***** INPUT DATA *****
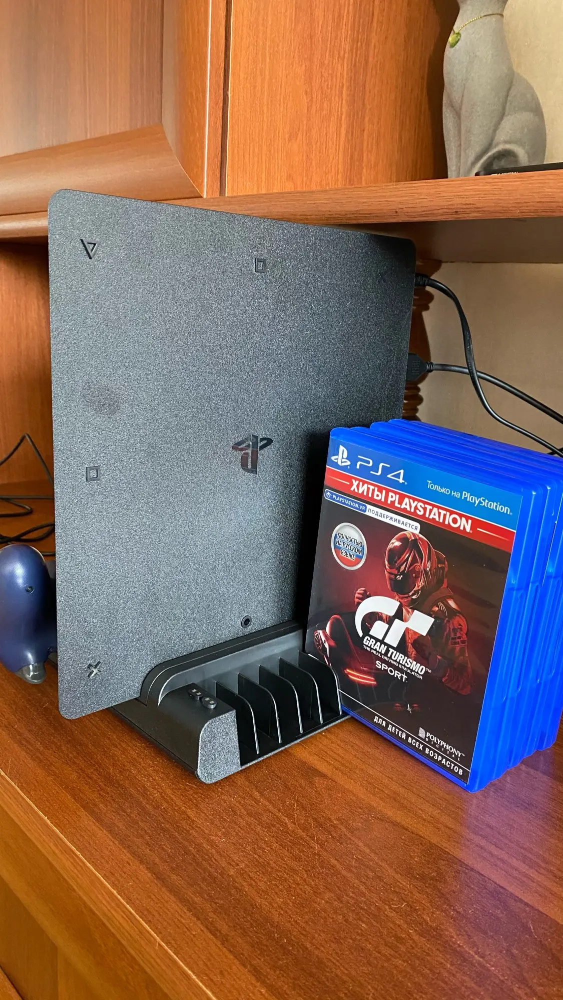 плюсы: Подставка очень хорошая, устойчивая. Геймпады заряжает. Инструкция понятная. Упакован очень хорошо. минусы: некоторые слоты для дисков широкие, некоторые коробки плохо держатся; когда приставка находится в "спящем режиме", подставка не работает Доставка полтора месяца
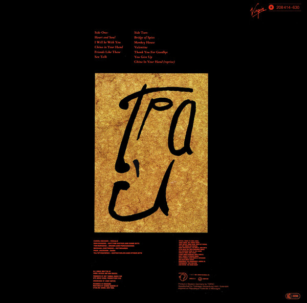 € 13.00 Media: Near Mint (NM or M-)Hoes: Very Good Plus (VG+)T’Pau – Bridge Of Spies (LP, Album)
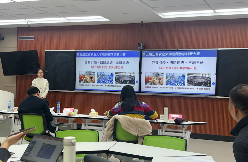 本次大赛以“推动教学创新、培养一流人才”为主题,旨在促进教师教学能力的提升和教学改革的深化。大赛分为多个赛道,涵盖正高祖、副高组、中级及以下组、课程思政组和产教融合组五个竞赛组别,吸引了全校众多优秀教师参与。公司教师在此次比赛中表现突出,吴娜老师的课程设计以“劳育引领、四阶递进、三融三通”为主线,通过创新教学方法和信息化手段,显著促进了《畜产品加工学》课程的产教深入融合;王日思老师则结合学科前沿,构建“双线混融,三段八环”的教学体系,将理论与实践深度融合,形成了独具特色的《食品工厂设计与环境保护》课程教学模式,赢得了评委的一致好评。
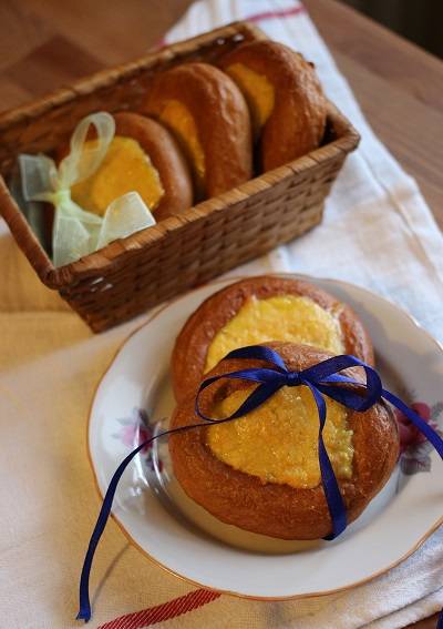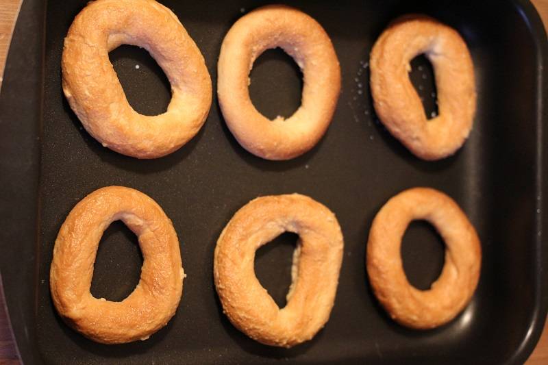 5. В каждую баранку выложить по столовой ложки начинки. Выпекать в разогретой до 180С духовке примерно 15 минут до золотистого цвета начинки.
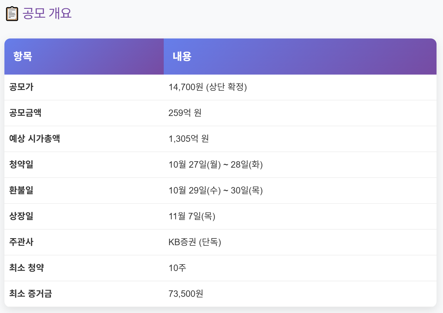 아래 자세한 공모개요 참고해 주세요. 참고로, KB증권 청약조건도 같이 정리해 두었습니다.
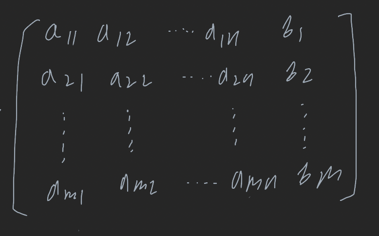 연립 방정식은 방정식과 미지수의 수가 증가할 수록 해를 찾기 어렵다. 이때는 연립방정식을 다음과 같은 첨가행렬로 바꿀 수 있다.
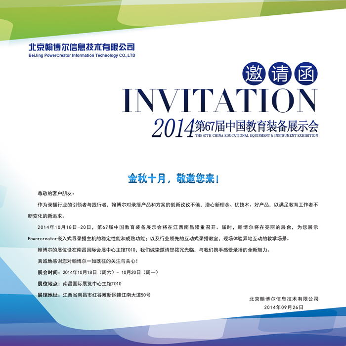 作為錄播行業的引領者與踐行者,翰博爾對錄播產品和方案的創新孜孜不倦,潛心新理念、優技術、好產品,以滿足教育工作者不斷變化的新追求。 2014年10月18日- -20日,第67屆中國教育裝備展示會將在江西南昌隆重召開。屆時,翰博爾將在亮麗的展臺,為您展示Powercreator嵌入式導錄播主機的穩定性能和成熟功能;以及行業領先的互動式錄播教室,現場體驗異地互動的教學場景。 翰博爾的展位設在南昌國際會展中心主館T010,我們誠摯邀請您撥冗光臨,與我們攜手感受錄播的全新魅力。
*****
= REQUIRED WORK =
Copy out the entries exactly as they stand, omitting the images.

= ANSWER SECTION =
 плюсы: Подставка очень хорошая, устойчивая. Геймпады заряжает. Инструкция понятная. Упакован очень хорошо. минусы: некоторые слоты для дисков широкие, некоторые коробки плохо держатся; когда приставка находится в "спящем режиме", подставка не работает Доставка полтора месяца
 € 13.00 Media: Near Mint (NM or M-)Hoes: Very Good Plus (VG+)T’Pau – Bridge Of Spies (LP, Album)
 本次大赛以“推动教学创新、培养一流人才”为主题,旨在促进教师教学能力的提升和教学改革的深化。大赛分为多个赛道,涵盖正高祖、副高组、中级及以下组、课程思政组和产教融合组五个竞赛组别,吸引了全校众多优秀教师参与。公司教师在此次比赛中表现突出,吴娜老师的课程设计以“劳育引领、四阶递进、三融三通”为主线,通过创新教学方法和信息化手段,显著促进了《畜产品加工学》课程的产教深入融合;王日思老师则结合学科前沿,构建“双线混融,三段八环”的教学体系,将理论与实践深度融合,形成了独具特色的《食品工厂设计与环境保护》课程教学模式,赢得了评委的一致好评。
 5. В каждую баранку выложить по столовой ложки начинки. Выпекать в разогретой до 180С духовке примерно 15 минут до золотистого цвета начинки.
 아래 자세한 공모개요 참고해 주세요. 참고로, KB증권 청약조건도 같이 정리해 두었습니다.
 연립 방정식은 방정식과 미지수의 수가 증가할 수록 해를 찾기 어렵다. 이때는 연립방정식을 다음과 같은 첨가행렬로 바꿀 수 있다.
 作為錄播行業的引領者與踐行者,翰博爾對錄播產品和方案的創新孜孜不倦,潛心新理念、優技術、好產品,以滿足教育工作者不斷變化的新追求。 2014年10月18日- -20日,第67屆中國教育裝備展示會將在江西南昌隆重召開。屆時,翰博爾將在亮麗的展臺,為您展示Powercreator嵌入式導錄播主機的穩定性能和成熟功能;以及行業領先的互動式錄播教室,現場體驗異地互動的教學場景。 翰博爾的展位設在南昌國際會展中心主館T010,我們誠摯邀請您撥冗光臨,與我們攜手感受錄播的全新魅力。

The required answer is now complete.